Re-solved it again, still with generalized co-domain. I am mainly hoping to shorten my previous solution/solution ideas and make it cleaner (my "solution" in #5 is not even complete). We solve the given functional equation for an arbitrary function $f : \mathbb{R} \to R$, where $R$ is an arbitrary integral domain. We denote the original equality by $(*)$. Again, it is easy to see that for any $f : \mathbb{R} \to R$ satisfying $(*)$, $-f$ and $f + C$ satisfies $(*)$ as well with $C \in R$ being arbitrary. Answer. The function $f$ satisfies $(*)$ if and only if $f = C$, $f = \pm \phi + C$, or $f = x \mapsto \pm \phi(x)^3 + C$ for some constant $C \in R$ and a ring homomorphism $\phi : \mathbb{R} \to R$. Solution. We prove that: 1. If $f$ is not injective, then $f$ is constant. 2. If $f$ is injective and $f(0) = 0$, then $f$ is odd and $f(1) = \pm 1$. Furthermore, if $f(1) = 1$, then either $f$ or the map $x \mapsto f(\sqrt[3]{x})$ has a ring homomorphism structure. Then we get $f = \phi$ or $f = x \mapsto \phi(x)^3$ for some ring homomorphism $\phi : \mathbb{R} \to R$. (A ring homomorphism structure on $f$ means that $f$ is additive, multiplicative, satisfies $f(0) = 0$, and $f(1) = 1$, if I recall correctly.) Note that, if $f(1) = -1$ and $f$ satisfies $(*)$, then $-f$ also satisfies $(*)$ with it being injective, $(-f)(0) = 0$, and $(-f)(1) = 1$. We start with the following small lemma.

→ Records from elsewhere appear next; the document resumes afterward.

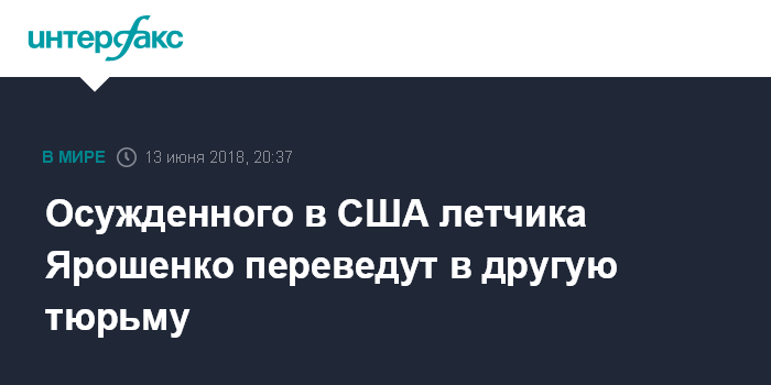 Осужденного в США летчика Ярошенко переведут в другую тюрьму
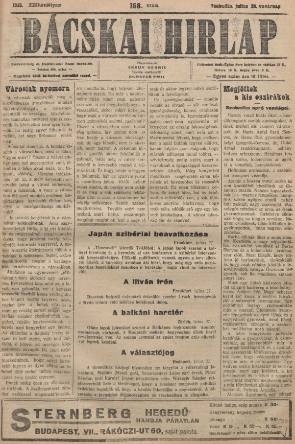 Bácskai Hirlap, 22. évf. 1918. július 28. 168. sz.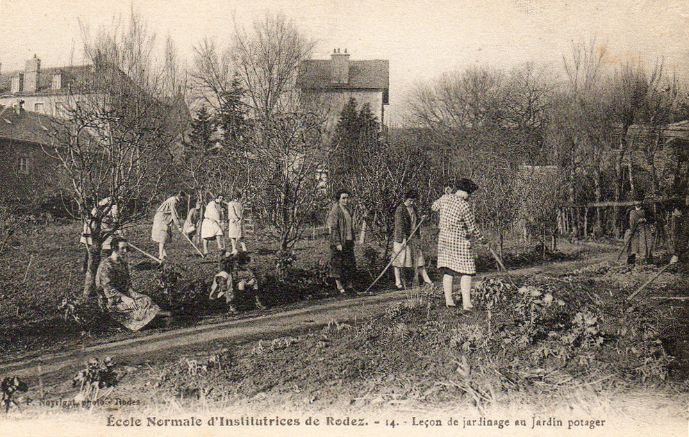 Exemple de l’école normale d’institutrices de Rodez en 1900, les futurs enseignantes prennent des cours de jardinage pour transmettre la connaissance aux enfants. L’apprentissage du jardinage pour cultiver la nourriture fait partie de l’enseignement scolaire dans tous les établissements filles et garçons.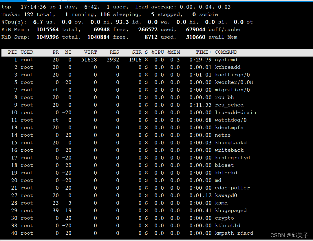 CPU信息:us,用户占用;sy,内核占用;ni,优先级调度占用;id,空闲CPU;wa,I/O等待占用;hi,硬件中断占用;si,软件中断占用;st,虚拟化占用。了解空闲的CPU百分比,主要看%id部分。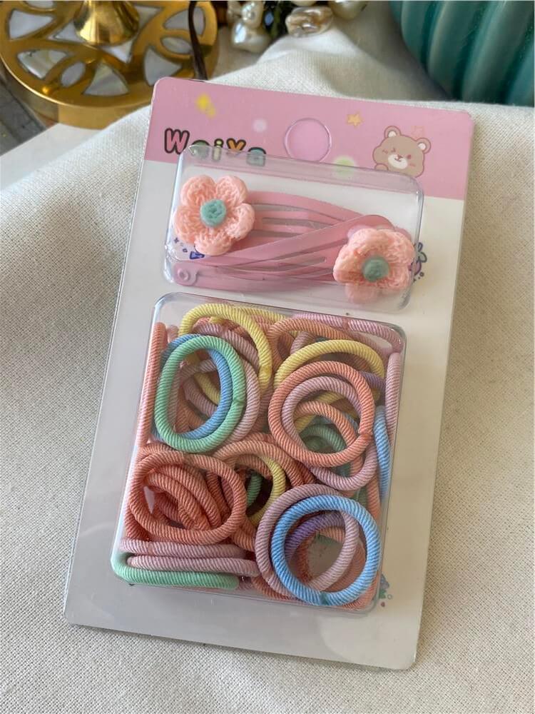 Moda LUKKA - Çıtçıtlı Açık Pembe Çiçek Detaylı Renkli Mini Lastik Toka Seti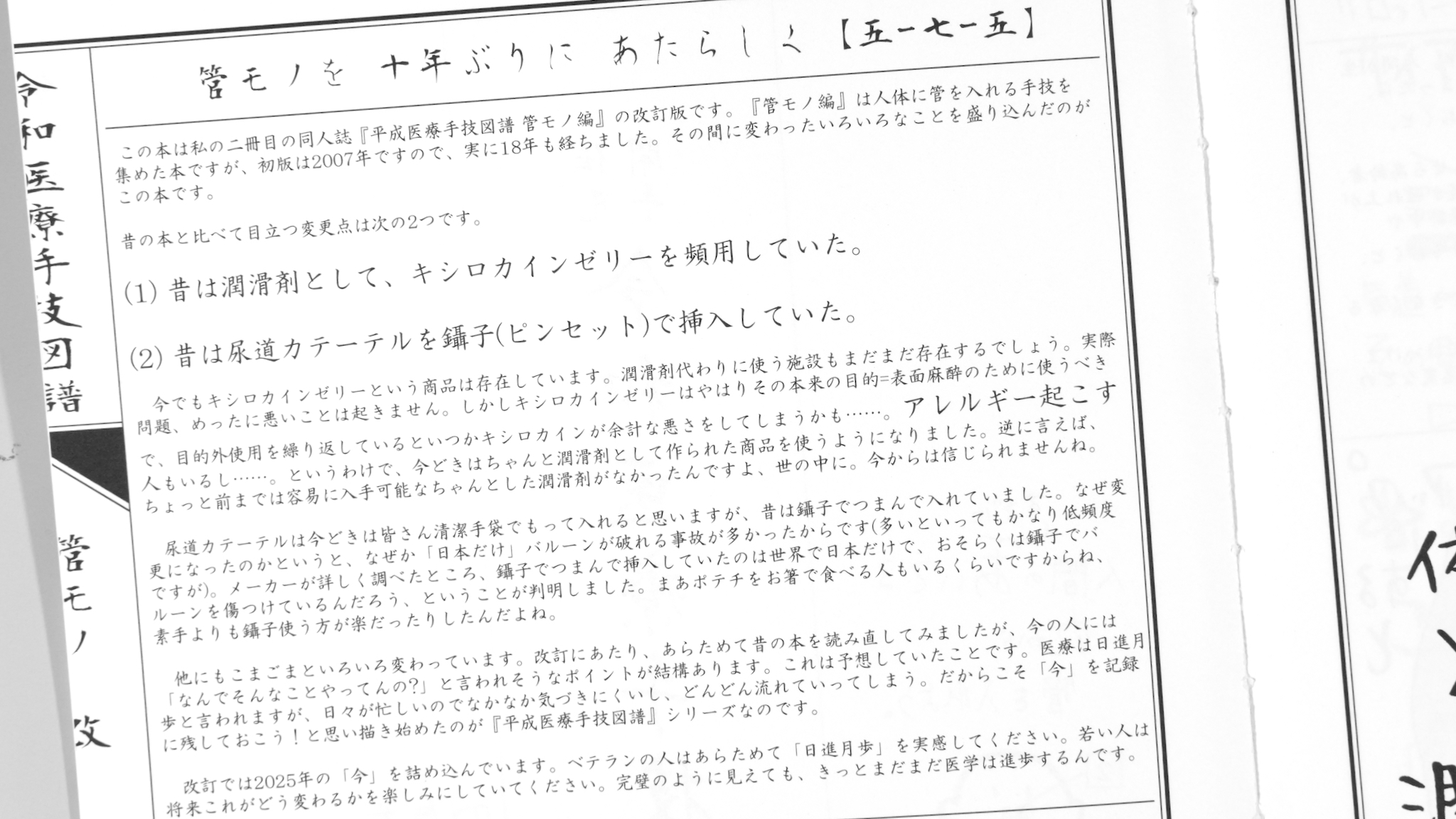 ねじ子先生から夏コミの新刊をいただいた。医療手技図譜シリーズの「管モノ編」の改訂版である。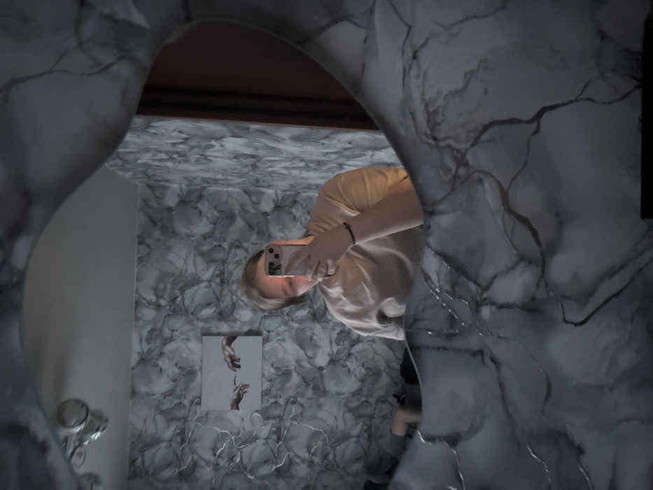 An individual is captured in a mirror selfie within an indoor residential setting in the city of Ольховка, Russia. The subject, a person with light-colored hair, wears a plain light brown t-shirt and a dark bracelet on their left wrist. They are holding a light-colored smartphone, equipped with multiple camera lenses, in their right hand, directing it towards the mirror to photograph their reflection. The phone partially obscures the subject's face, with a notable light flare visible on its surface near their left eye. The mirror itself is irregularly shaped, with a frame featuring a distinct grey and white marbled pattern. Reflected in the mirror is the room's background: the wall is adorned with a similar grey and white abstract marbled design. A rectangular piece of artwork, depicting the iconic hands from Michelangelo's "The Creation of Adam," is centrally mounted on this wall, positioned to the left of the subject's reflection. A portion of a white ceiling with a single light fixture is visible in the upper left corner of the reflection. To the right, a dark brown vertical structure, possibly a door frame or furniture, is reflected. An additional, indistinct dark object is partially visible in the lower-left background, behind the subject's reflected arm.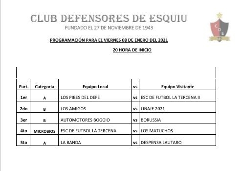1er. Partido: Cat. “A”, Los Pibes del Defe vs. Esc. De Fútbol La Tercena II.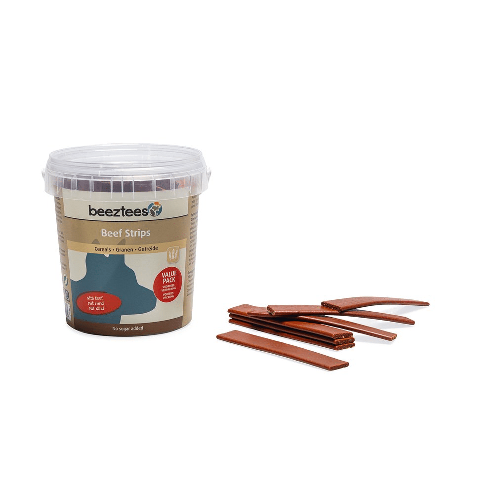 Beeztees Beef Strips zijn overheerlijke hondensnacks. Deze hondensnacks zijn ideaal om aan jouw hond te geven als beloning of tussendoortje. De snacks hebben een zachte structuur waardoor je ze makkelijk in kleine stukjes kunt breken. Bovendien is de zachte structuur prettig voor honden die geen sterke bijtkracht hebben of een gevoelig gebit. De snacks zijn gemaakt van granen met een overheerlijke rundsmaak en bevatten geen extra toegevoegde suikers en smaak- en geurstoffen.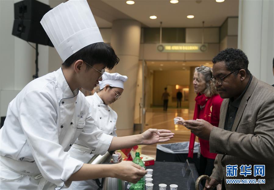 11月22日,在美国华盛顿,人们在“北京日”文化庙会活动上品尝中国小吃。 作为中国北京和美国首都华盛顿缔结友好城市35周年庆祝活动的一部分,“北京日”文化庙会22日在华盛顿罗纳德·里根大厦和国际贸易中心举行。 新华社记者 刘杰 摄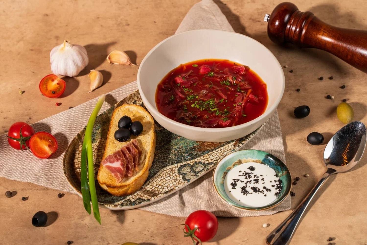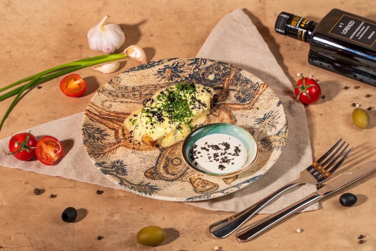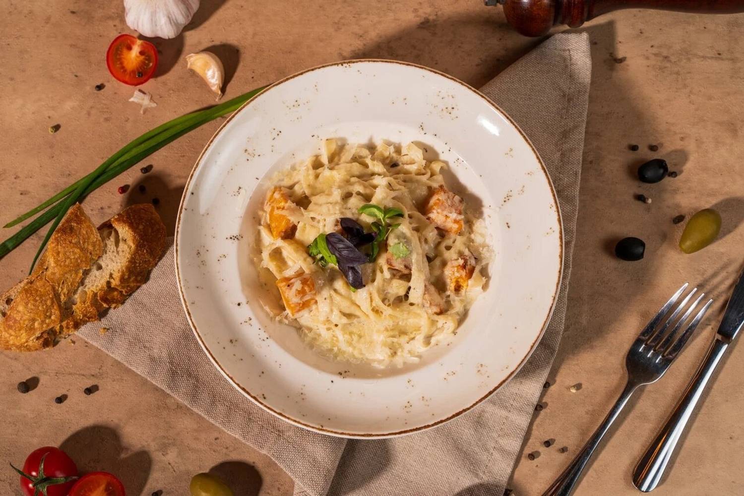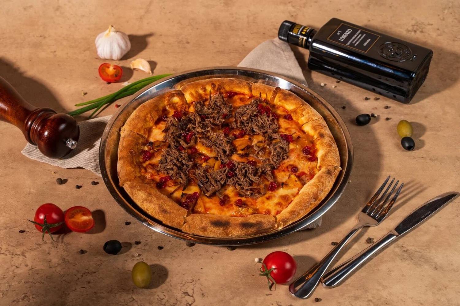 Еда и напитки. В меню — паста тальятелле с форелью, пицца «Парма» с прошутто, оссобуко и салат с утиной печенью. Блюда готовятся по рецептам разных регионов Италии с акцентом на традиционные техники и свежие продукты.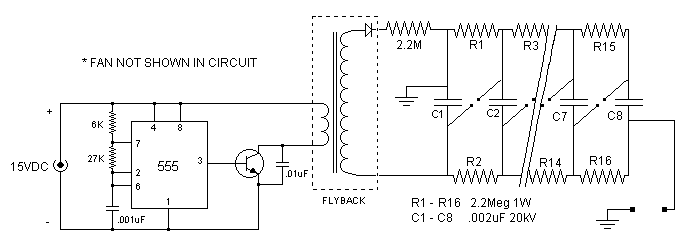 The "quick and dirty" marx generator shown above was rebuilt in a slightly neater manner on a small wooden platform. It now runs off a compact high voltage generator consisting of a 555 timer oscillator that drives a HV transistor that drives a small modern TV flyback capable of providing about 12kV to 20kV. Below is a schematic diagram of the updated marx generator with the new HV generator.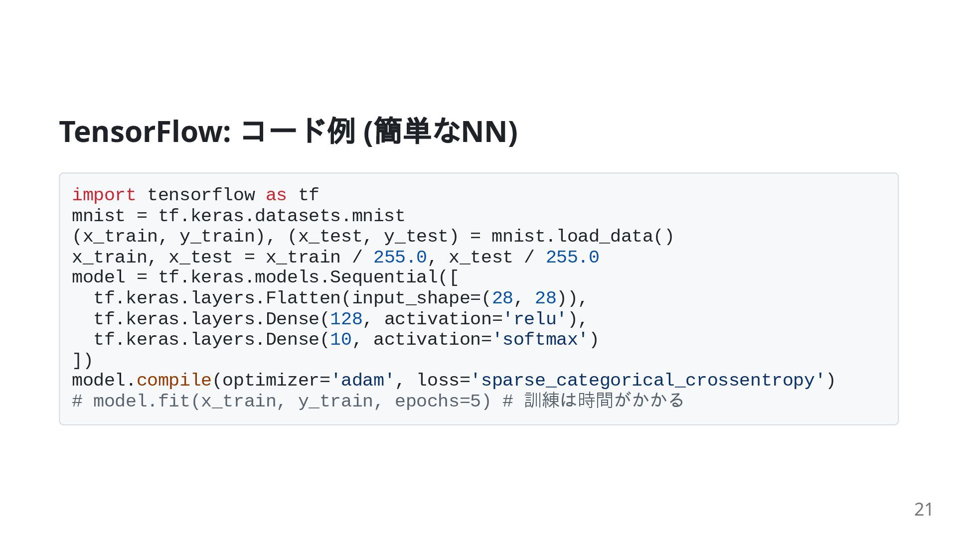 tf.keras.datasets.mnist (x_train, y_train), (x_test, y_test) = mnist.load_data() x_train, x_test = x_train / 255.0, x_test / 255.0 model = tf.keras.models.Sequential([ tf.keras.layers.Flatten(input_shape=(28, 28)), tf.keras.layers.Dense(128, activation='relu'), tf.keras.layers.Dense(10, activation='softmax') ]) model.compile(optimizer='adam', loss='sparse_categorical_crossentropy') # model.fit(x_train, y_train, epochs=5) # 訓練は時間がかかる 21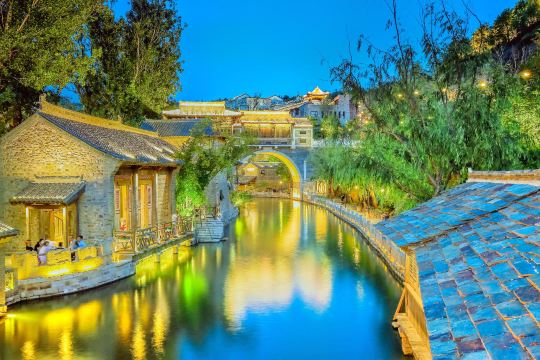 ▲ 古北水镇景好玩的景点:古北水镇温泉、长城音乐水舞秀、城上温泉馆、密云大戏楼、司马台长城。 古北水镇的夜景堪称一绝,小镇在星光照耀与灯光掩映中,宛如一个梦幻的世界。其中,水舞秀是夜游古北水镇不可或缺的重要一景。古镇里望京楼前的音乐喷泉每晚定时开启,喷泉的水柱随着音乐灯光摆动,不时还冒出耀眼的火光,与背后俊美的长城交相辉映,呈现一场视觉盛宴。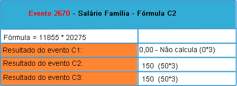 • O evento de salário família foi impactado indiretamente devido ao ajuste no evento que retorna a cota de salário família no evento anterior, conforme imagem abaixo: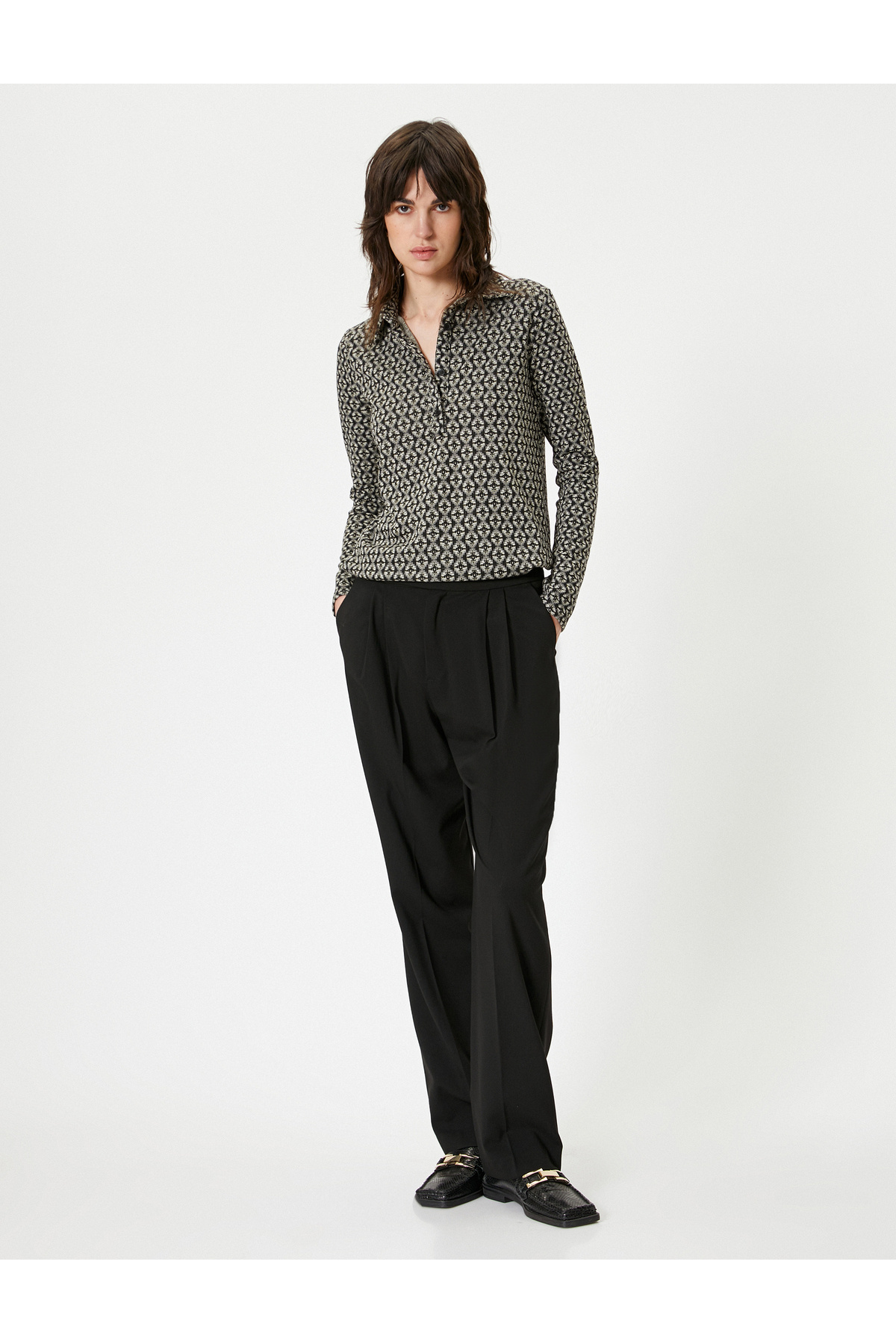 Melis Ağazat X Koton | Düğmeli, polo yaka, uzun kollu tişört.

Remark. 1. If $R$ has non-zero characteristic (e.g. $R$ is the finite field $\mathbb{F}_7$ or $\mathbb{F}_2$), then the only functions satisfying $(*)$ are constants. There exist no homomorphism from $\mathbb{R}$ (or any field of characteristic zero) to $R$. 2. It is well-known that the only ring homomorphism from $\mathbb{R}$ to itself is the identity map. Indeed, it is well-known that any function $f : \mathbb{R} \to \mathbb{R}$ that is both additive and multiplicative must be either zero or equals the identity map, and the former is not a ring homomorphism as it does not map $1$ to itself.

Zero function works, conversely consider $f\not\equiv 0$. WLOG $f(0)=0$. Denote $(f(x)-f(y))(f(y)-f(z))(f(z)-f(x))=f(x^2z+y^2x+z^2y)-f(x^2y+y^2z+z^2x)$ by $P(x,y,z)$. $P(x,y,0)$ gives $f(y^2x)-f(x^2y)=f(x)f(y)(f(y)-f(x))$. So $LHS=f(x^2z)+f(y^2x)+f(z^2x)-f(x^2y)-f(y^2z)-f(z^2x)$. Now, $$P\left (\tfrac 12 \left (\sqrt[3]{x(1+\sqrt 5)^2}\right ),\sqrt[3]{\tfrac{x}{1+\sqrt 5}}, -\sqrt[3]{\tfrac{x}{1+\sqrt 5}} \right)-P \left (-\tfrac 12 \left (\sqrt[3]{x(1+\sqrt 5)^2}\right ),\sqrt[3]{\tfrac{x}{1+\sqrt 5}}, -\sqrt[3]{\tfrac{x}{1+\sqrt 5}}\right )\implies f(x)=-f(-x).$$Then comparing $P(x,y,0)$ and $P(x,-y,0)$ we get eq $(\dagger)$: $f(x^2y)=f(x)^2f(y).$ So $f(x)=0$ iff $x=0.$ And $(\dagger)$ implies $f(1)\in \{1,-1\}$. WLOG $f(1)=1$. So $f(x^2)=f(x)^2$ by $P(x,1,0)$. Whence $(\dagger)$ implies multiplicativity. Note $f:\mathbb R^+\to \mathbb R^+$. Assume for some $uv>v>0$, $f(v)>f(uv)$. Since $f(1/x)=1/f(x)$, by induction, $f(u^a)<1$ for all $a\in \mathbb N$. A contradiction with $P(u^a,1,-1)$. So $f$ is increasing and so $\ln f(e^x)=cx$ for all $x\in \mathbb R^+$. We get working solutions $f(x)\equiv x$ or $f(x)\equiv x^3$. Shift back for other solutions.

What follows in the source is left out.